— Продолжаем урок, — сказал Олег. — Теперь ты! — он ткнул пальцем в Артура. — Периоды Столетней войны. Не по датам, а по сути.
— Начало, середина и конец! — бодро отрапортовал тот.
— Характеристики каждого этапа?
— Начало — это когда ы-ы… наступали… англичане наступали, а французы отбивались.
— Два балла! Давай ты! — Палец упёрся в Спартака.
— Французы наступали, а англи… — Артур ещё пытался спасти положение.
— Один балл. Ну, Портос?
— Эххх… Начало — это когда делили корону. А когда завязли, пошла всякая лабуда. Типа гражданской войны. Это такая середина. Длинная. Ну. Мир там заключали, ещё эта… Жакерия, и у англичан потом… Не Жакерия, но тоже паршиво. А потом пришла Жанна д`Арк и всем наваляла. Классная тётка.
— Какая она тебе тётка! — возмутился Олег. — Ей всего девятнадцать было.
— Ну… Женщина. Но её же всё равно сожгли. Жувайлы эти французы всё-таки, когда не мушкетёры, — огорченно подытожил Портос.

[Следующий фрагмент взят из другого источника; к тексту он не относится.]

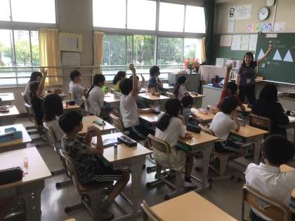算数は、合同な図形に入りました。この単元では、担任ではない先生が授業をすることがあります。今日は4組で3組の先生が授業をしました。いろいろな先生から学んでいます。

— Жувайлы, — согласился Олег.
— Особенно их король.
— А я вот так и не понял, — перебил Вовочка. — Почему они не вломили ему по самые помидоры? Он им нужен был, как быку гнездо. Сделали бы свою Жанну королевой — и Вася не чешись.
— Михель, быстро объясни, почему Жанну нельзя было сделать королевой. Суть.
— Почему нельзя? — раздумчиво сказал Михель. — Вообще-то можно было. Я думаю, её поэтому и убрали, что всё к тому шло.
— Та-а-ак… — Олег даже остановился. — Неплохая версия. Атос, обоснуй.
— А можно мне сразу два балла? — грустно спросил Артём, поворачиваясь к учителю.
— Что случилось?
— Ну-у-у… — прогудел Артём. — Та… ерунда, в общем. Наверно.
— И всё-таки?
От Олега было не отвязаться. Все это знали. По опыту.
Остальные быстренько ушли в отрыв.
Олег и Артём стояли лицом к лицу.
— Косичкой хотел помахать?
— Не в этом же дело! Что значит — хотел? Ну, это ведь как… Ну, сгонял бы я сегодня со всеми — и амба. А теперь… Объясняй всем полгода…
— Ты мужик? — сурово спросил Олег.
— Вот это и объясняй. Всем. Полгода.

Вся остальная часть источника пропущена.